President Carter later appointed Darius Gaskins, one of Kahn’s deputies at the CAB, to chair the ICC. The great success of airline deregulation paved the way for deregulation in other transportation modes and in telecommunications. In 1980, President Carter signed the Motor Carrier Act, which deregulated the trucking industry, the Staggers Rail Act, which introduced competition in rail rates, and the Telecommunications Act, which removed restrictions on long-distance phone service. These actions allowed new entrants into the markets, increased efficiency, lowered prices, offered consumers more choices, and likely contributed to declining inflation. Thanks in no small part to President Carter, competition in formerly regulated markets has not just reallocated resources but unleashed innovation and generated tens of billions of dollars in lasting benefits for consumers and society as a whole.

President Carter also focused attention on the newer regulatory agencies and on increasing concerns over red tape and excessive compliance burdens. In contrast to his approach to economic regulation, which many reformers had agreed should just be removed, President Carter approached health, safety, and environmental regulation by focusing on “improved regulatory management…and the adoption of less-intrusive regulatory techniques.” He set up cabinet-level oversight councils to review the new agencies’ most important regulatory proposals and to encourage more cost-effective forms of regulation.
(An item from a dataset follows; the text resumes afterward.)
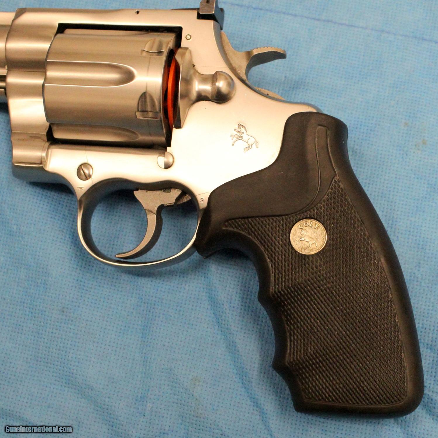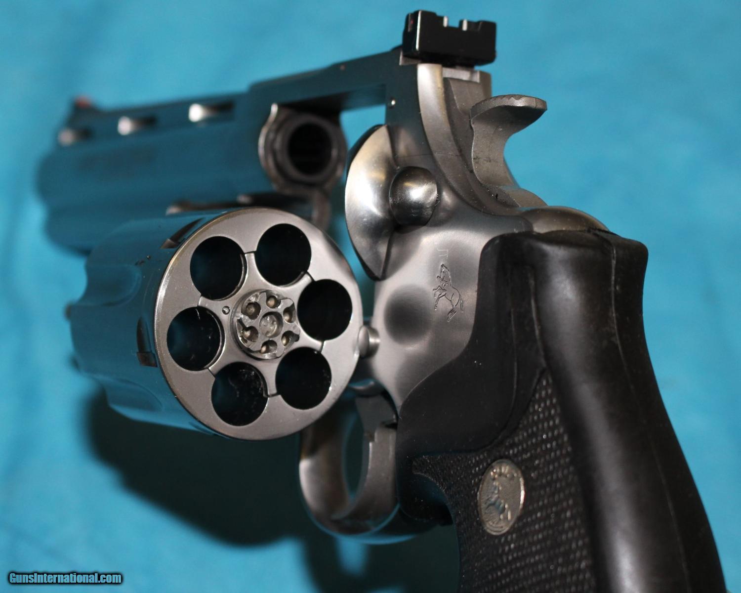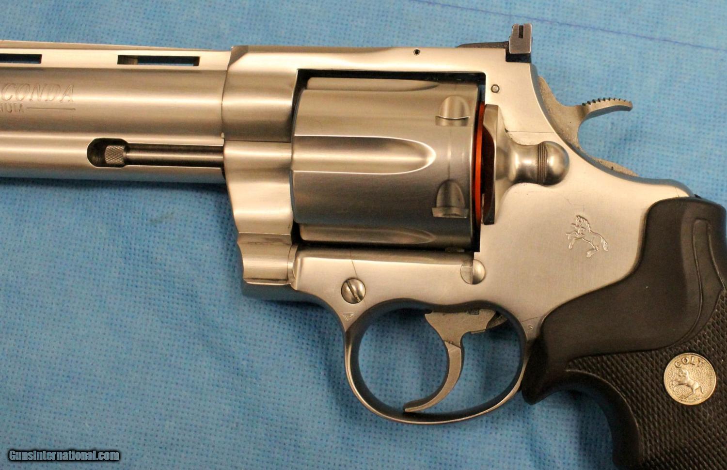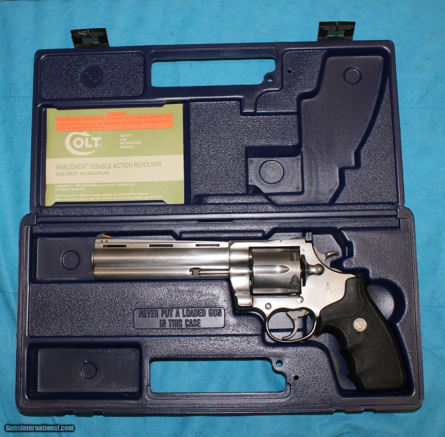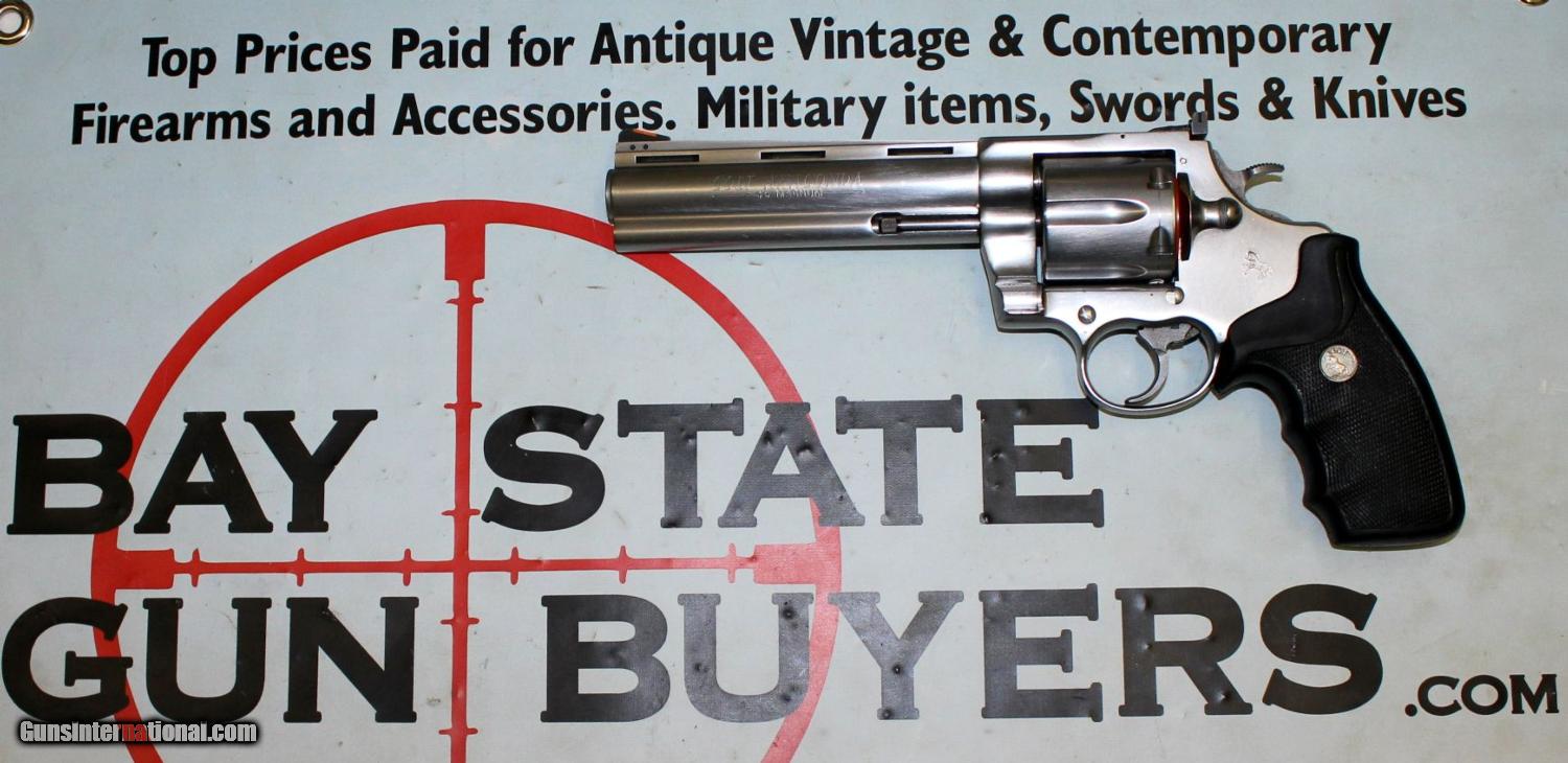 Description: We are offering for sale a Colt ANACONDA Double Action revolver chambered in .44 Magnum caliber. This gun is in excellent 98% condition and comes with original hard case and manual. 6” barrel is excellent with very light surface wear. Bore is perfect with strong rifling; Muzzle is excellent. Frame is excellent with only very light wear. Cylinder shows light drag line; Locks tightly to frame. Double action works flawlessly. Rubber medallion grips are near excellent and shows some minor handling wear. All marks are crisp in detail. EXCELLENT EXAMPLE OF THIS “SNAKE” GUN BY COLT $$ 30.00 USPS Priority Shipping FULLY INSURED $$ **** PLEASE NOTE: WE ONLY ACCEPT MASTERCARD AND VISA AS PAYMENT OPTIONS **** Make: Colt Model: Anaconda Caliber: .44 Magnum SN: MM3303X Action Type: Double Action Barrel Length / Condition: 6” barrel is excellent Ribbing (Y/N): Yes, Vented Rib Muzzle Condition: Excellent Frame Condition (ie. Bluing, Engraving, etc.): Excellent; Very minor wear Kind of Sights (ie. Front, Rear): Front ramp sight; Rear adjustable Trigger/Trigger Guard: Excellent Grip Condition (checkering, etc.): Near Excellent rubber medallion grips Cylinder Condition: Very Good; locks up tightly; drag line PLEASE LOOK AT ALL PHOTOGRAPHS FOR CONDITION Please know the legality of any weapon in your state before . If a gun can’t be transferred to you we will charge a 15% re-stocking fee. Also, we are a PART TIME business, Only in office Wednesday through Saturdays 10am-4pm. If you make an offer on Sunday-Tuesday we may not get back to you for 24+ hours, please send us an email with any questions, and we will do our best to get back in a timely manner. Thank You. We are not a shop open to the public, no private viewings. We stand behind our descriptions, and gladly take returns, however we know based on the descriptions given, you will not be disappointed. No Face To Face Transfers! Please note: Clicking "buy" does not guarantee that this gun is yours, However clicking “Buy” will reserve this gun for you, if it hasn’t been sold in store. We will try to do our best to remove the posts as efficiently as possible, but sometimes delays may ensue. “Buy” is your safest bet to reserve a gun. Also please add 6.25% MA state sales tax (if from MA) and 3% credit card shop courtesy fee. After Clicking “buy” we will need the following from you, via email before we ship. 1: A copy of your preferred FFL’s license via email () 2: Your preferred method of payment (If Credit card: 16 digit, MM/YY exp date, 3 digit code Plus billing address) 3: Your Shipping information/ Your preferred FFL’s Shipping information. You have 5 business days to arrange payments and ffl information to us. Any purchase not completed within this time frame will be cancelled, and the ad will be put back active online. Please before calling with concerns read these conditions and meet them accordingly. SOLD |

His Executive Order 12044 required agencies to analyze the impact of proposed regulations and make those analyses publicly available. The order stressed practices that every succeeding president has embraced, including assessing the benefits and costs of alternatives. It also directed agencies to adopt the least burdensome approach to achieving regulatory goals and to embrace flexible regulatory alternatives and market mechanisms in lieu of traditional command and control regulation.

In addition to sector-specific legislation, President Carter signed into law two significant cross-cutting regulatory reform bills. The Regulatory Flexibility Act required agencies to analyze the impact of their regulatory actions on small entities and consider effective alternatives that would minimize those impacts. The Paperwork Reduction Act created the Office of Information and Regulatory Affairs (OIRA) in the Office of Management and Budget to review and approve all new reporting requirements.
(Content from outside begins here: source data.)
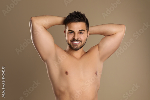 © New Africa, Fototapeta premium Young man showing hairless armpits after epilation procedure on brown background
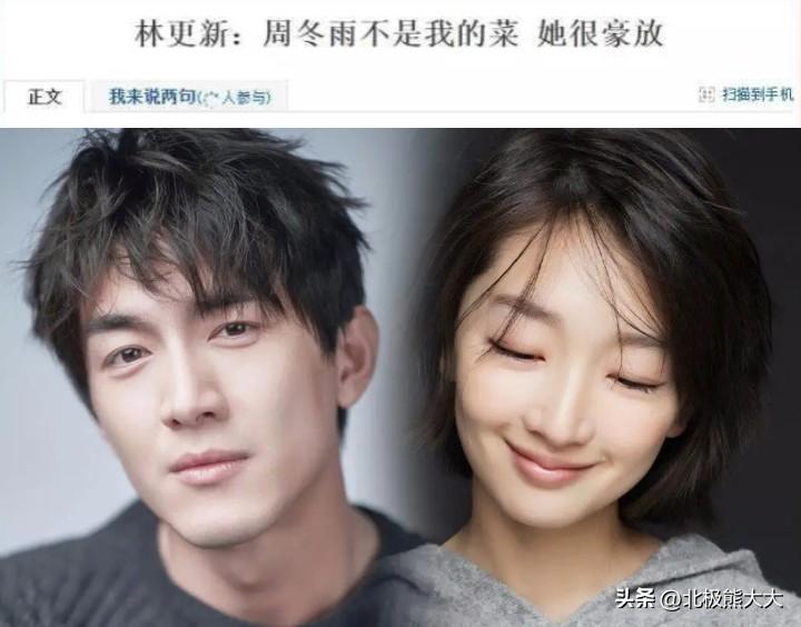 可谁也没想到,娱乐圈的恋情保鲜期这么短,仅过了两个月,林更新就急忙撇清了自己和周冬雨的关系,表示周冬雨不是自己的菜,两人只是“好哥们”。
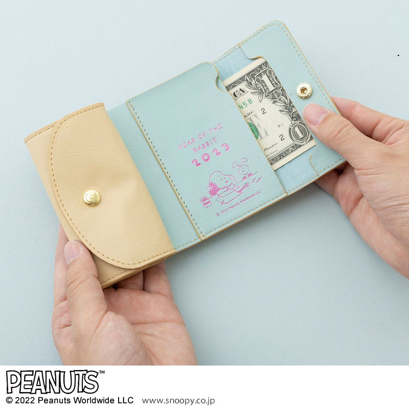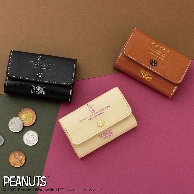 マットなレザー調のボディに、2023年の干支であるうさぎに扮したスヌーピーを型押しで施した、今しか手に入らない限定デザインのミニ財布。

President Carter also supported legislation to “make the regulatory analysis called for in Executive Order 12044 a permanent requirement and extend the order to cover the independent regulatory agencies.” He even entertained the need for a regulatory budget to ensure “the first problems addressed are those in which regulations are likely to bring the greatest social benefits.”

Although President Carter did not succeed at getting legislation passed that codified his regulatory analysis requirements, he forged a “rough consensus both inside government and among academic critics on the proper underlying principles for regulatory reform.” Each successive president has built on those principles, and the benefit-cost balancing President Carter championed has become standard practice in federal agencies and is increasingly expected by courts when they review agency regulations.

With President Carter’s leadership, bipartisan efforts across all three branches of government eventually led to the removal of unnecessary regulation in several previously regulated industries, paving the way for mobile phones, lower airfares, and reduced racial discrimination in certain labor markets.

When Americans open their smart phones to make an airline reservation, they should take a moment to thank Jimmy Carter, the humble one-term president whose bold deregulatory initiatives made such welfare-enhancing innovations possible.

Susan Dudley

Susan Dudley is the director of the George Washington University Regulatory Studies Center and served from 2007 to 2009 as the Administrator of the Office of Information and Regulatory Affairs within the Office of Management and Budget.